View from Ghana: Why integrating TCIM with primary health care services is key

As a country rich in traditional, complementary and integrated medicine (TCIM) practices, Ghana is making constant efforts to improve the quality of evidence-based TCIM provision in the country. We caught up with Dr. Anastasia Yirenkyi, Director of Traditional and Alternative Medicine at Ghana’s Ministry of Health, to discuss TCIM’s experience in the country and future directions to better serve the needs of communities.

What has been Ghana’s experience in TCIM development?

Traditional medicine is based on knowledge that had been part of the faith and belief systems that people used throughout time in Ghana to improve their health and well-being. Since the 1960s, there has been consistent political leadership in the country to develop TCIM delivery policies and standards.

In 1975, Ghana established a plant-based medicine center. We now have a center of excellence for research and development of medicinal herbs, working with universities. Many efforts have been made to provide professional trainings and we have a very strong federation of Ghanaian traditional medicine practitioners. We have a good policy and regulatory framework under the Public Health Act 851, which is mandated to control medical products, including herbal medicines.
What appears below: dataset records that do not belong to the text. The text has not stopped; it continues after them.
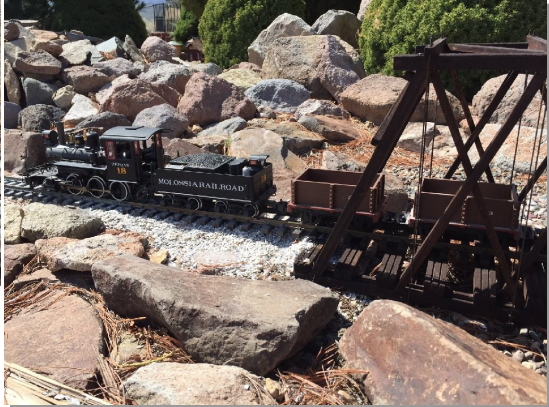
Zephyr Crossing The Bridge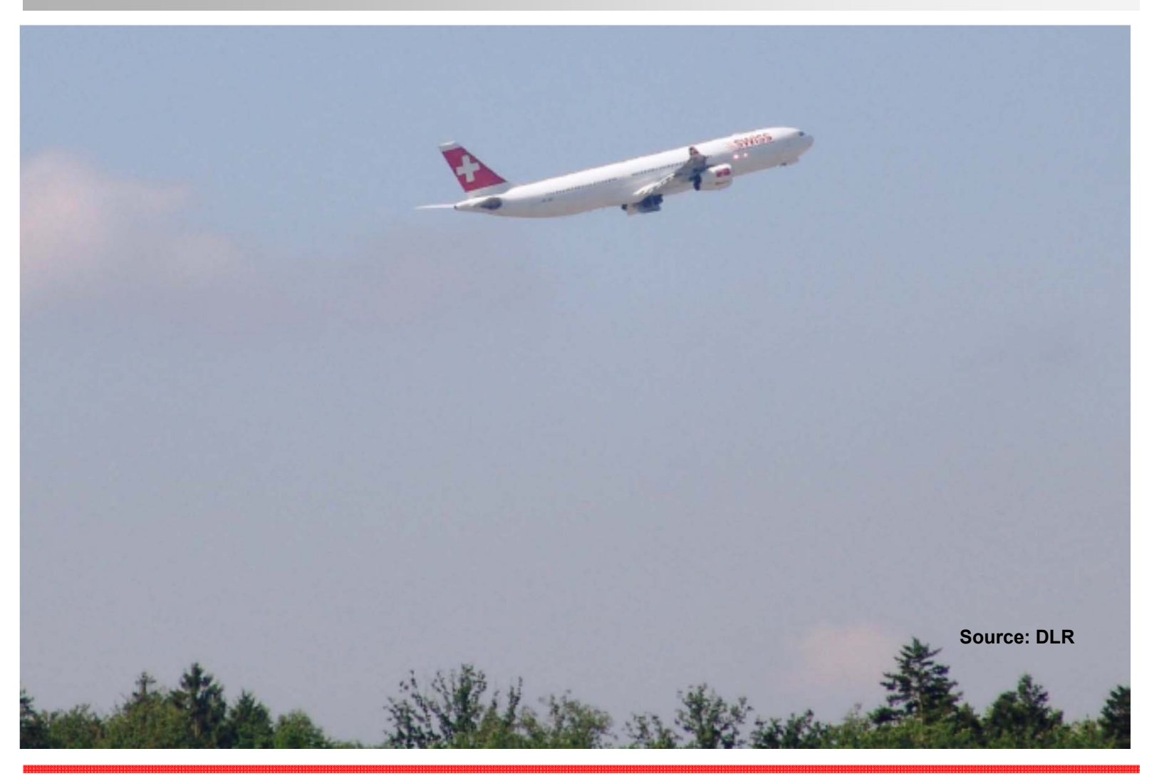
17th ETH Conference on Combustion Generated Nanoparticles, 25th June 2013, Theo Rindlisbacher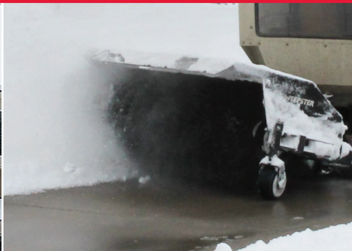
CLEANSWEEP™ ROTARY BROOMS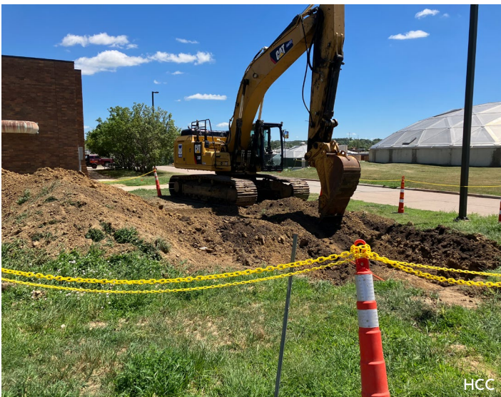
SFWRF Expansion Utility Excavation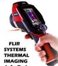
FLIR SYSTEMS THERMAL IMAGING InfraRed Cameras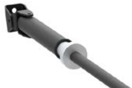
CORE TRAINER ACCESSORY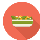
Acai & Poke Bowls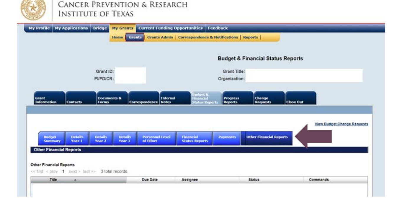
Figure 6: CPRIT Grant Management System (CGMS) "Other Financial Reports" subtab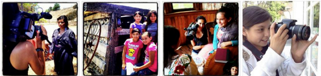
Students from the Youth Cinema Camp at the Heritage Museum of OC.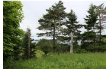
"Building lot with a view"

1531663384 1531761412 Parcel X-1 Cottage Cove Rd, Head Jeddore $45,000 http://homesinnovascotia.com/properties/2161/ Bob Harris - bob@homesinnovascotia.com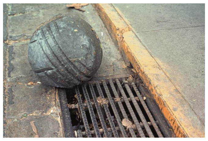
Figure 1: GABRIEL OROZCO Yielding Stone, 1992

Encounters with the materials he uses are encounters with the social baggage of those materials; there is no purity and everything leads to another thing. Orozco develops relationships with objects based on what he knows of their history and how he uses them today.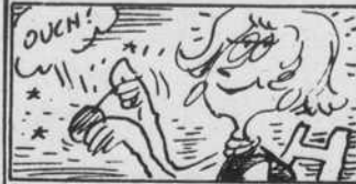
Some used to say piercing a lime causes love pangs in one's beloved.

Since 2017, we have started pilot tests to integrate TCIM as part of primary health service delivery in the public health sector. We now have 55 TCIM services integrated into public health facilities. But we must do much more. Not only in Ghana but also in the entire African region, we need to identify gaps and build bridges between traditional and conventional medicine, to work together.

What has been the experience in improving the quality and safety standards of TCIM practices?

With the implementation of Public Health Act 851, we have been making efforts to register and accredit TCIM practitioners. We promote a common code of practice for TCIM. We have estimated that there are at least 40,000 practitioners of various TCIM practices in Ghana. At MOH, we have registered up to 10,000. This means we have a lot of work to do, not only in Ghana, but in all our countries.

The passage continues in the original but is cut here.